I’ve been following his “candidacy” with a growing sense of outrage. My loyal readers will recall that I threw my battered Stetson into the ring in January in this very space.
Not only did I make my announcement nearly a year ago, but I was funnier. Did I mention modesty as a reason to pick me over that thief Colbert?
You may say that Colbert didn’t actually steal my idea. You may say that I have not actually campaigned since I first made my announcement, lo those many months ago. To that, my fellow Americans, I would have to say: You are mistaken.
My campaign is one that hearkens back to our nation’s early political history. Like President Warren G. Harding, I am running my campaign from my front porch.
Not only is it a very nice porch, but the pace of the campaign suits me because it is widely known that I avoid standing up. It’s not that I’m lazy. It’s that my frame is just not suited for difficult labor. It’s not that I abhor hard work. I can watch it for hours. Isn’t that what we want in a president?
I envision my time in office mirroring the 29th president’s term, which has often been described as one of the least distinguished in history. As the less-than-great man once said: “I am not fit for this office and never should have been here.”
I want to suggest to you, my fellow Americans, that isn’t that what we want as a nation? Shouldn’t we celebrate that great underrated tradition of mediocrity?
Now, the other candidates will tell you how great they are. They will try to impress you with that whole “vision” thing. They will try to prove how hard they will work for you. They will attempt to prove their piousness. They will try to dazzle you with their brains.

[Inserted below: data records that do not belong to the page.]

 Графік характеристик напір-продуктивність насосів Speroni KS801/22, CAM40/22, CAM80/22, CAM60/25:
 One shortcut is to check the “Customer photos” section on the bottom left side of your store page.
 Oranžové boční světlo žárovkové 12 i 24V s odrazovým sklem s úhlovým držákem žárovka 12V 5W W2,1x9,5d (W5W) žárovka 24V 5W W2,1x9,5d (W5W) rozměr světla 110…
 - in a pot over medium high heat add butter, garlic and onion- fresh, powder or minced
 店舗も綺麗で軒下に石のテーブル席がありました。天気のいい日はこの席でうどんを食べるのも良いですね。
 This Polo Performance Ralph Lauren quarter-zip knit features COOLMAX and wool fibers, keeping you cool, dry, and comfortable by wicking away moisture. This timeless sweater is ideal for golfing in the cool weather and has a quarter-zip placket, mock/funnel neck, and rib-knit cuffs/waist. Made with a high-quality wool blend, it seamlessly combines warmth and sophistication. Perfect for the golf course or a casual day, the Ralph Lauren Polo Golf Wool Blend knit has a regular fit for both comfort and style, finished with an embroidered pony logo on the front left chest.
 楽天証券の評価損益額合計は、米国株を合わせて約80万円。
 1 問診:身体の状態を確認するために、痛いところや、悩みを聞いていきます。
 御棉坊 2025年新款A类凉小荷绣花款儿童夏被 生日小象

Not me. I will do none of those things. You really don’t want to be challenged that way. Look at what that’s gotten you? Oil prices through the roof. A war that goes on forever. And now a fake conservative candidate.

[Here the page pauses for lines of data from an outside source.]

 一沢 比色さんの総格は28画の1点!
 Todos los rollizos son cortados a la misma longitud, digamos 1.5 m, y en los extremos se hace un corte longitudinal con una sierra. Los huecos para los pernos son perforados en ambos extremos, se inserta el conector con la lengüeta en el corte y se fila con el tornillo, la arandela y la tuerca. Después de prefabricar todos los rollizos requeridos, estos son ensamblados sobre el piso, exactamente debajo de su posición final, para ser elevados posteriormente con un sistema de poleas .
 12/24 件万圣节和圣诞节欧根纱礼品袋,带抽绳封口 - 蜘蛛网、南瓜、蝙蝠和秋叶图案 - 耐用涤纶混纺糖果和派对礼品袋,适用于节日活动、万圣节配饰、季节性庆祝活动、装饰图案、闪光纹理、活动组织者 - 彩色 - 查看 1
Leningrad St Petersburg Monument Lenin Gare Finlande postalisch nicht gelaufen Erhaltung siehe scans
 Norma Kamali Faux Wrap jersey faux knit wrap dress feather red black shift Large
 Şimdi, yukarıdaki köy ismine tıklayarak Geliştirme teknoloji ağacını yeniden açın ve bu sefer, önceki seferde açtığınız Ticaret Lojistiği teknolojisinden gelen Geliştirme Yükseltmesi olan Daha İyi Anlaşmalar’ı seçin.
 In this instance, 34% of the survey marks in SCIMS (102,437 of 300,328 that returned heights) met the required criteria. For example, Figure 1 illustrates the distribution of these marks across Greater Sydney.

No. A vote for me is a solid vote for the middle of the road. You know what you get when you elect me. A long-haired freak of a president. If you’re tired of those exquisitely coifed, blow-dried and dyed hair-dos of the other candidates, then you should vote for me.
All my hair is my own, and I earned every gray one of them. They remain one of the best reasons to vote for me, especially when compared with people like Colbert. (I have personal information that Colbert colors his hair.)
As a “guest columnist” in another august publication, Colbert wrote that “it’s clear that the voters are desperate for a white, male, middle-aged, Jesus-trumpeting alternative.”
Well you won’t get that with me. And to prove it, I challenge Colbert to a debate. Since I am a master debater, I will debate him anytime, anywhere. Just as long as it’s within the confines of my porch rails.